• **Exercise prompt**
Task for the records below: copy exactly, and only, the line containing "Natural Freshwater Pearl" and every line after it to the end, with pictures left out.

• • • • • • •

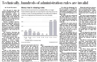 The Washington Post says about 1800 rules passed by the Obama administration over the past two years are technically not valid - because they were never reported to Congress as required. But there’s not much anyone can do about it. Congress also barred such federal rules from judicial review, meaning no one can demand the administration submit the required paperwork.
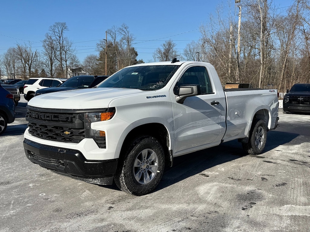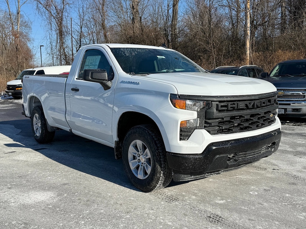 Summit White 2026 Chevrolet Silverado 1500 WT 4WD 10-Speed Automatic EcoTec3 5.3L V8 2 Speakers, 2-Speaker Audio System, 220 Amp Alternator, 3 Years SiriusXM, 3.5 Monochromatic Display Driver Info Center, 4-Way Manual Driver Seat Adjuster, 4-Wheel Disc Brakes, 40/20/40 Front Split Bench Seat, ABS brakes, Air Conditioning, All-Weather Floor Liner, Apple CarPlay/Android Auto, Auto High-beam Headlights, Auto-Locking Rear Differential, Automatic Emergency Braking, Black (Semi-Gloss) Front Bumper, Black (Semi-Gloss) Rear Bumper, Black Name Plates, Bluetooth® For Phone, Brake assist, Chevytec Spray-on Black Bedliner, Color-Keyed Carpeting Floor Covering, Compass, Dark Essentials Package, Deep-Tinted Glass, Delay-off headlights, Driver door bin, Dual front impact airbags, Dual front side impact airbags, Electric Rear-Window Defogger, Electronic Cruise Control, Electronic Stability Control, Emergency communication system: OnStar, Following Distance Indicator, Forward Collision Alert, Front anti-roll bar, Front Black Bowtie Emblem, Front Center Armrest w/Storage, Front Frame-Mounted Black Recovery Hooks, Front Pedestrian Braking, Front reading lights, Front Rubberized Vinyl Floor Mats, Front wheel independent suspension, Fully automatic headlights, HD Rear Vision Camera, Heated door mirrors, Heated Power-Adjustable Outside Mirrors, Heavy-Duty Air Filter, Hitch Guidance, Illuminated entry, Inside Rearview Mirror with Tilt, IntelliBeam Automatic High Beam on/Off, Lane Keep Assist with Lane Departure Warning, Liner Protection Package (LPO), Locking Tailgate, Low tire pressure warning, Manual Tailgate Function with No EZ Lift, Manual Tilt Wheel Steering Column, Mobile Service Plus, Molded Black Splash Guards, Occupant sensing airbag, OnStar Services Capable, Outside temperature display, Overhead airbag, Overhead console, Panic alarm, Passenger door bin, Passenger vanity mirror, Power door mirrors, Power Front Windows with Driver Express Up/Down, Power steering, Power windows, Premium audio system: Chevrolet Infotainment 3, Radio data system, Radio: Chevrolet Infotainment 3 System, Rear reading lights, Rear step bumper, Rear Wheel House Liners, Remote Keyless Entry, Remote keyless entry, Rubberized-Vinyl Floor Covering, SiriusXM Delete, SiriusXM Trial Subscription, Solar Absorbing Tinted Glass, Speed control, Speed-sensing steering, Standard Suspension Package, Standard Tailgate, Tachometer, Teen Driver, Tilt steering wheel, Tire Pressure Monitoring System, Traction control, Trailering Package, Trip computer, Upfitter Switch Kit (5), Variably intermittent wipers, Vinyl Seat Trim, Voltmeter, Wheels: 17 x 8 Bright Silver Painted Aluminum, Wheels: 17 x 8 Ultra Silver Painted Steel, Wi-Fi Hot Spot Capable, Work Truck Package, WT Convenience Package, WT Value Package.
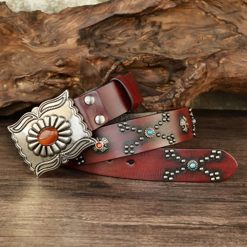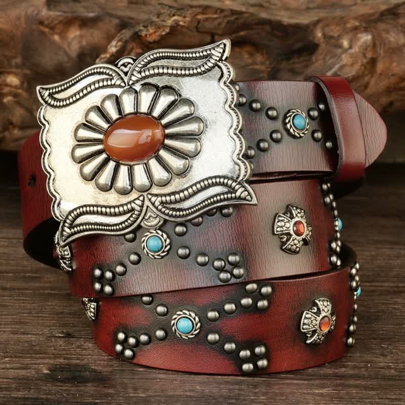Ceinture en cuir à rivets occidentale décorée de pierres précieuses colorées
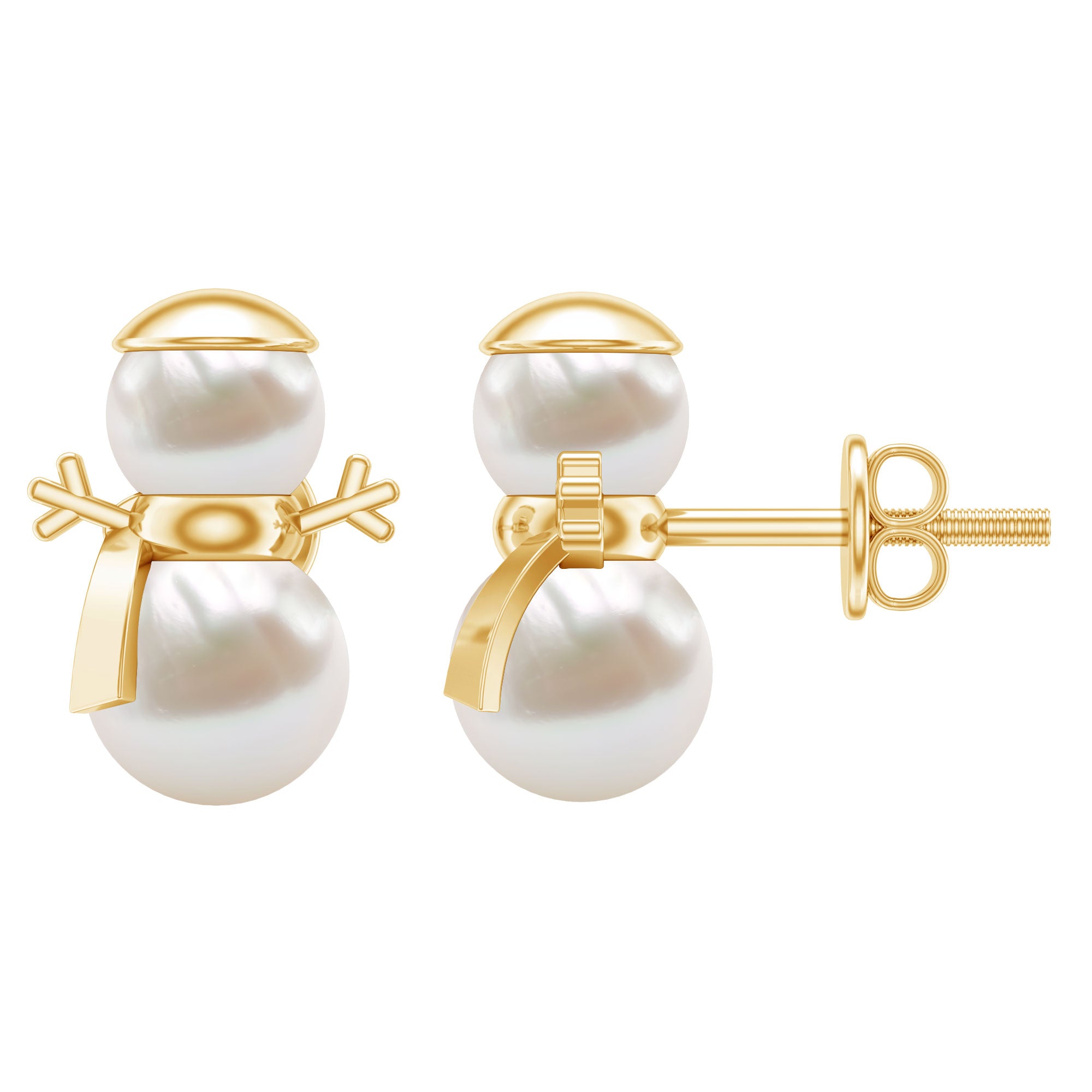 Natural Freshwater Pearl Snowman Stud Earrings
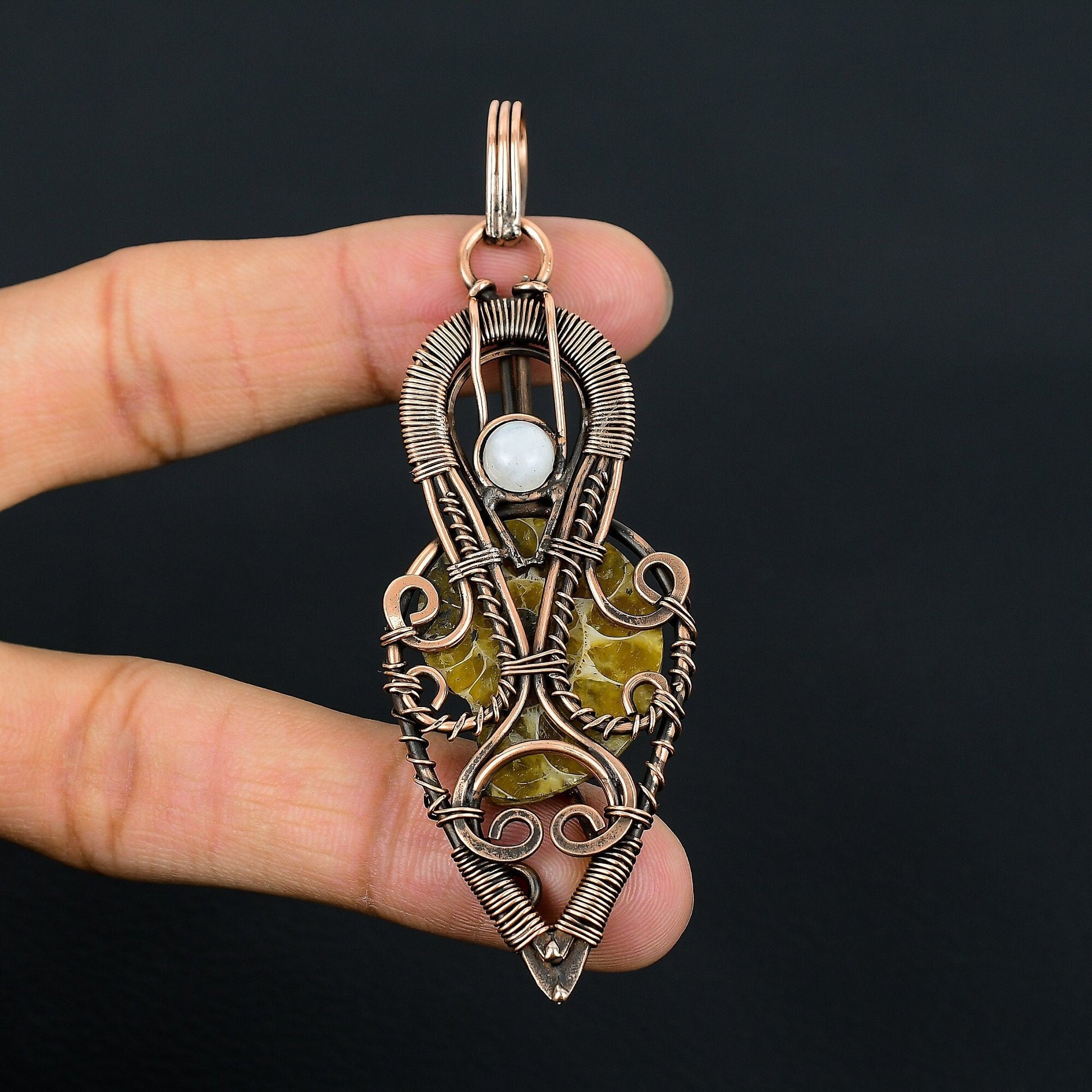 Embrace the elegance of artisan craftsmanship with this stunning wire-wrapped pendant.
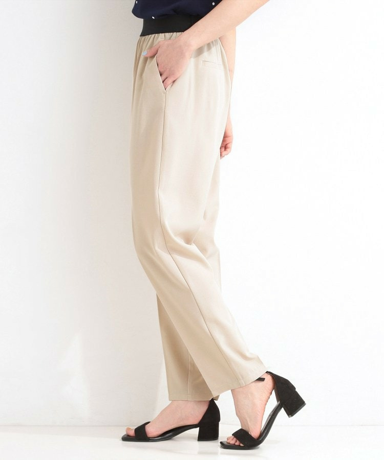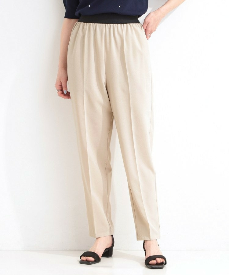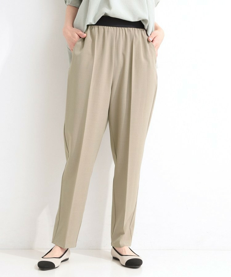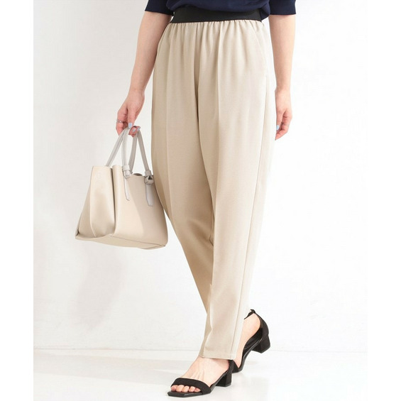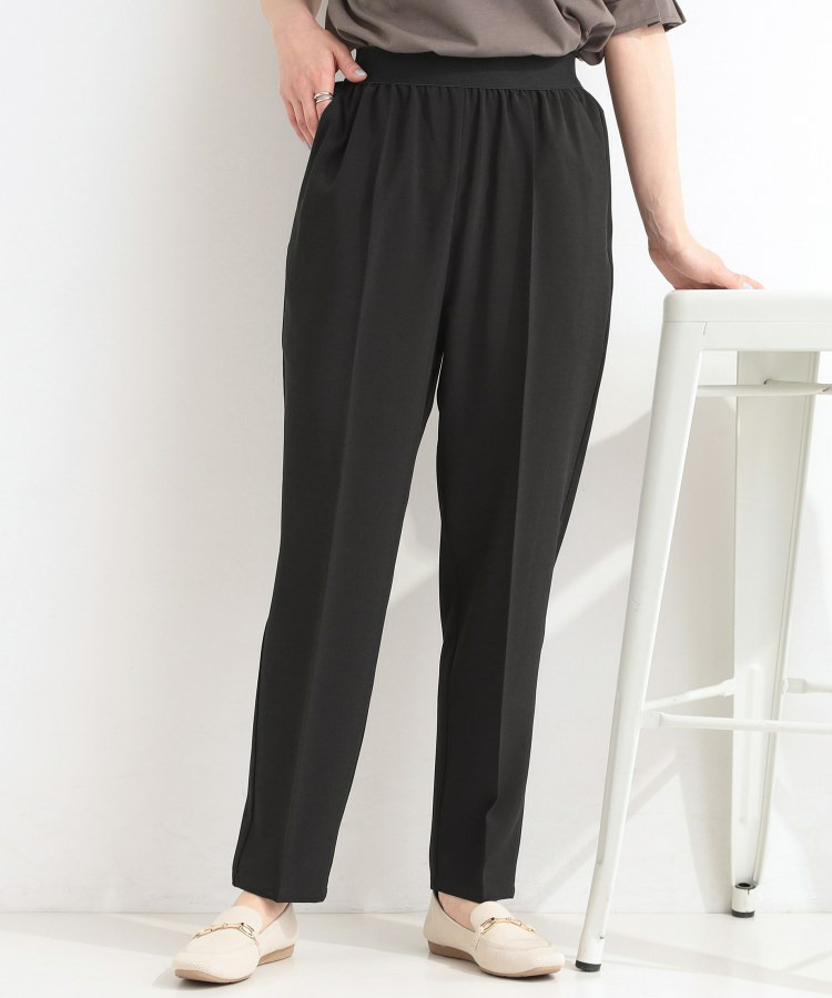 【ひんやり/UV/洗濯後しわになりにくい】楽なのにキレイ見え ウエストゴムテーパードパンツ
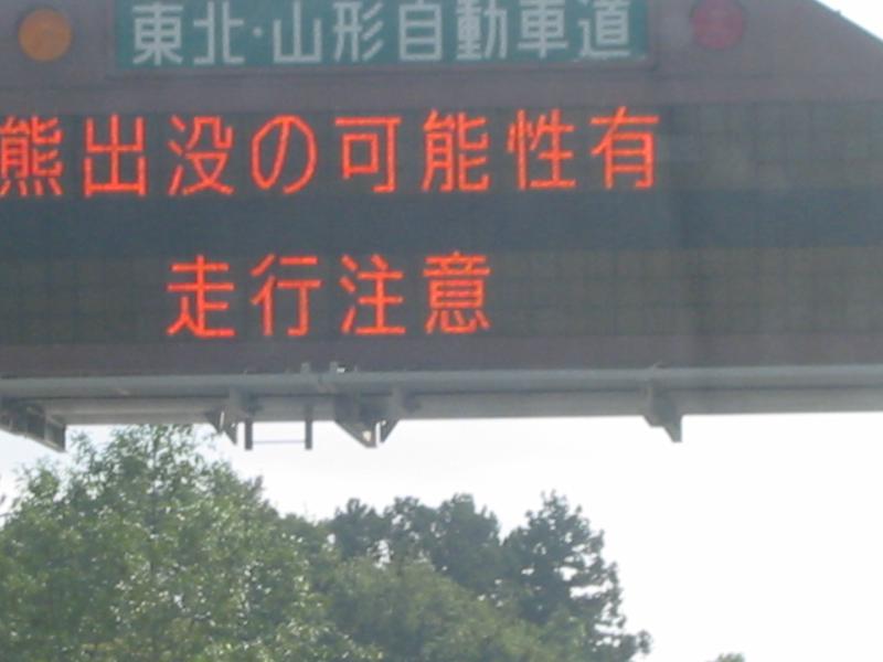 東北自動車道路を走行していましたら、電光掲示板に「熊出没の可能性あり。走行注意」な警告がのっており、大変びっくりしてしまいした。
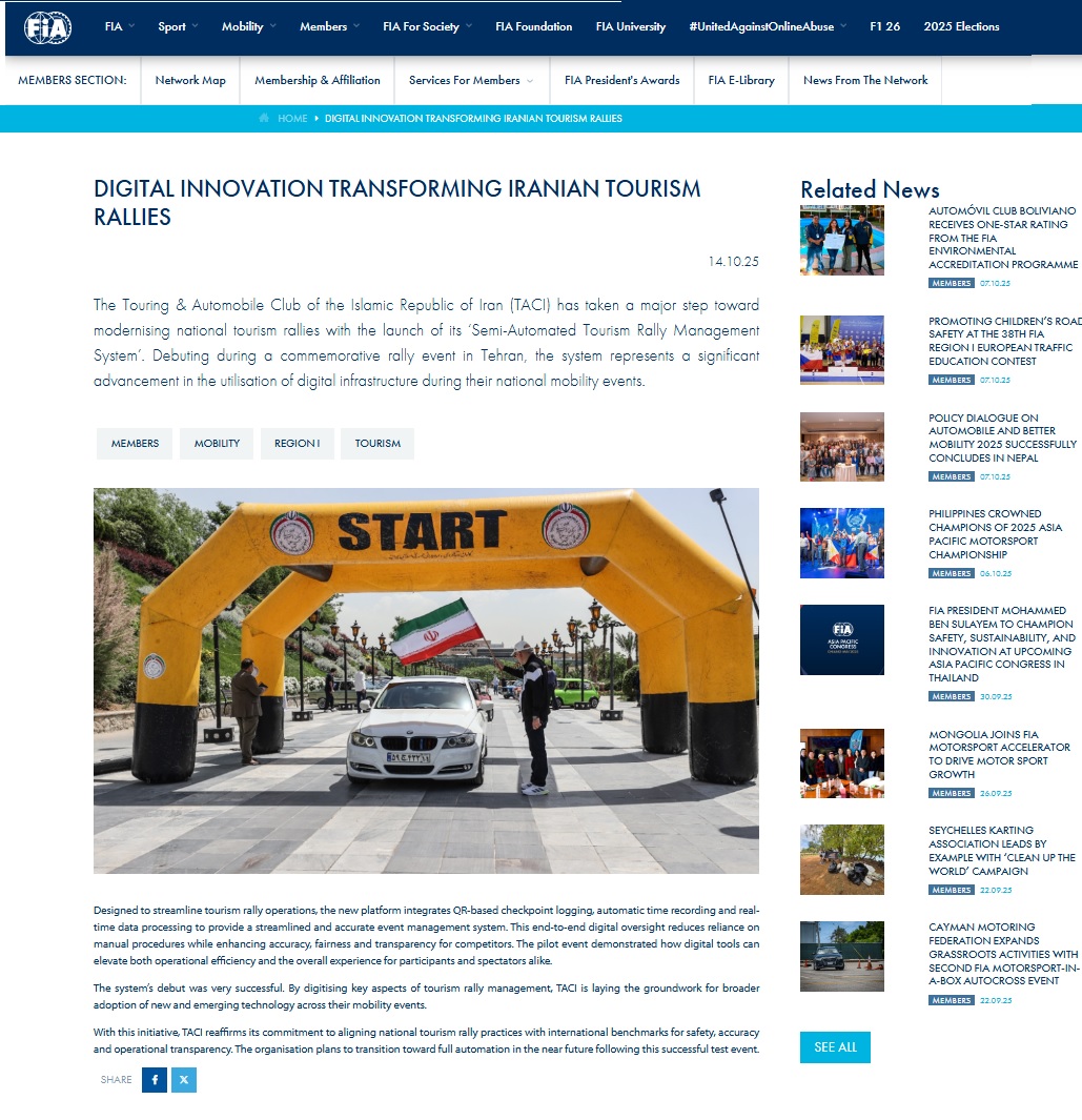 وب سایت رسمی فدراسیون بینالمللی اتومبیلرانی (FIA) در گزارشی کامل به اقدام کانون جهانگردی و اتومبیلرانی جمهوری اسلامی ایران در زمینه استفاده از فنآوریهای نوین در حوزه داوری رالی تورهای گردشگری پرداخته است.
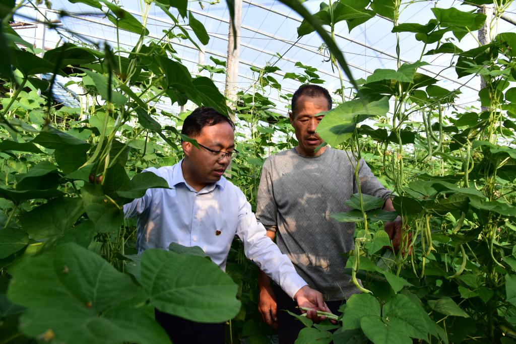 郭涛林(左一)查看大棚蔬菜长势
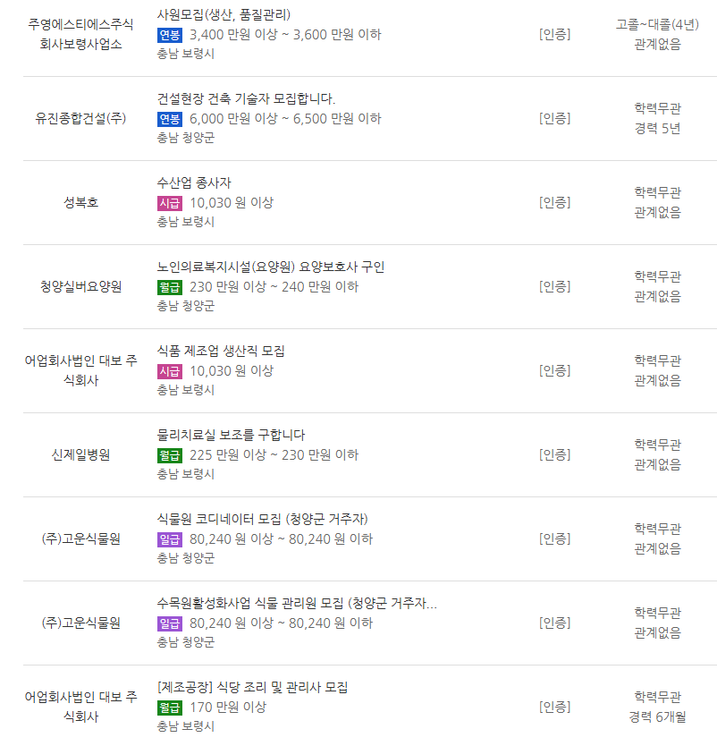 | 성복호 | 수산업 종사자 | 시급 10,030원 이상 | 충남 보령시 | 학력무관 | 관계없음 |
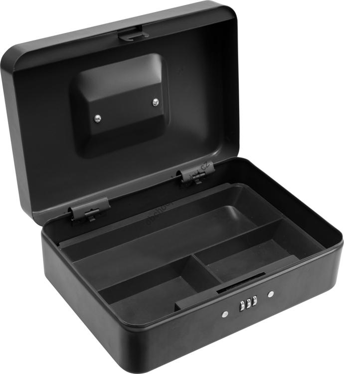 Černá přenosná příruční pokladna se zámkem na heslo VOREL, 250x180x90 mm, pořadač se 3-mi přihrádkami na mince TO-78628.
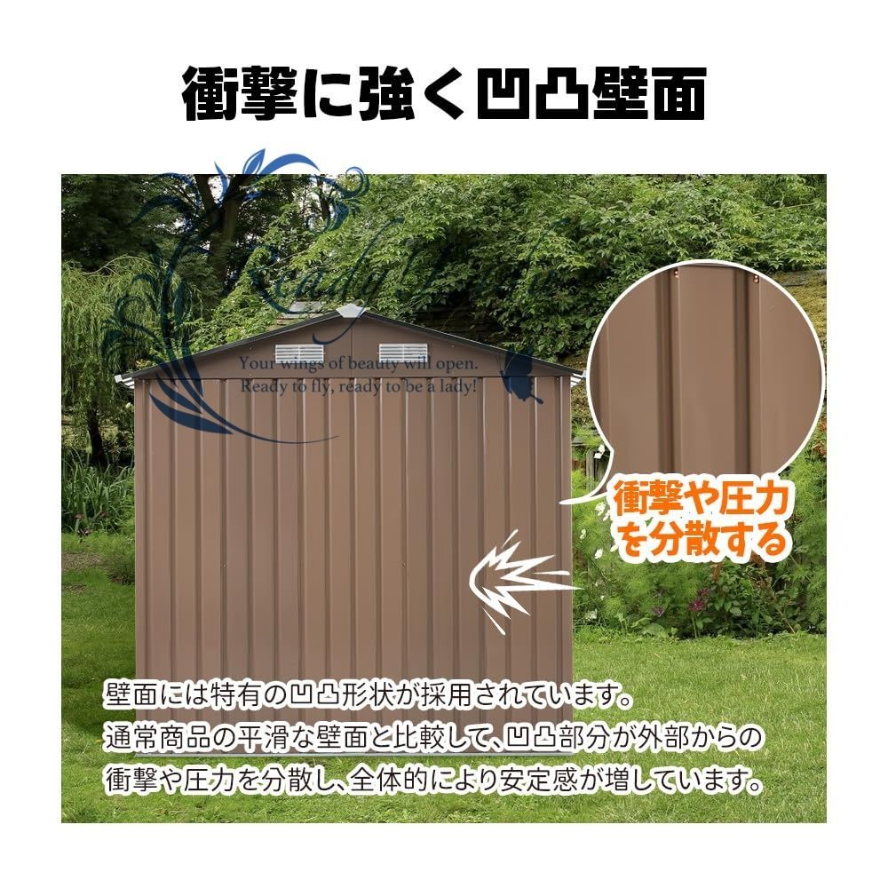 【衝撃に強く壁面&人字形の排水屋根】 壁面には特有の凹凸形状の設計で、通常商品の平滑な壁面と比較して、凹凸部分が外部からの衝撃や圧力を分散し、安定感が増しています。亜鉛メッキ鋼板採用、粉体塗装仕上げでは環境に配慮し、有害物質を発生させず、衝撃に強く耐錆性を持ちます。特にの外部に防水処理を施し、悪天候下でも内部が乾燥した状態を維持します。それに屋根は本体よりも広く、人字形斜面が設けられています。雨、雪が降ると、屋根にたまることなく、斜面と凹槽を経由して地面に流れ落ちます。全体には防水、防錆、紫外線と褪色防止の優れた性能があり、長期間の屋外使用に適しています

• • • • • • •

• **Your response**
 Natural Freshwater Pearl Snowman Stud Earrings
 Embrace the elegance of artisan craftsmanship with this stunning wire-wrapped pendant.
 【ひんやり/UV/洗濯後しわになりにくい】楽なのにキレイ見え ウエストゴムテーパードパンツ
 東北自動車道路を走行していましたら、電光掲示板に「熊出没の可能性あり。走行注意」な警告がのっており、大変びっくりしてしまいした。
 وب سایت رسمی فدراسیون بینالمللی اتومبیلرانی (FIA) در گزارشی کامل به اقدام کانون جهانگردی و اتومبیلرانی جمهوری اسلامی ایران در زمینه استفاده از فنآوریهای نوین در حوزه داوری رالی تورهای گردشگری پرداخته است.
 郭涛林(左一)查看大棚蔬菜长势
 | 성복호 | 수산업 종사자 | 시급 10,030원 이상 | 충남 보령시 | 학력무관 | 관계없음 |
 Černá přenosná příruční pokladna se zámkem na heslo VOREL, 250x180x90 mm, pořadač se 3-mi přihrádkami na mince TO-78628.
 【衝撃に強く壁面&人字形の排水屋根】 壁面には特有の凹凸形状の設計で、通常商品の平滑な壁面と比較して、凹凸部分が外部からの衝撃や圧力を分散し、安定感が増しています。亜鉛メッキ鋼板採用、粉体塗装仕上げでは環境に配慮し、有害物質を発生させず、衝撃に強く耐錆性を持ちます。特にの外部に防水処理を施し、悪天候下でも内部が乾燥した状態を維持します。それに屋根は本体よりも広く、人字形斜面が設けられています。雨、雪が降ると、屋根にたまることなく、斜面と凹槽を経由して地面に流れ落ちます。全体には防水、防錆、紫外線と褪色防止の優れた性能があり、長期間の屋外使用に適しています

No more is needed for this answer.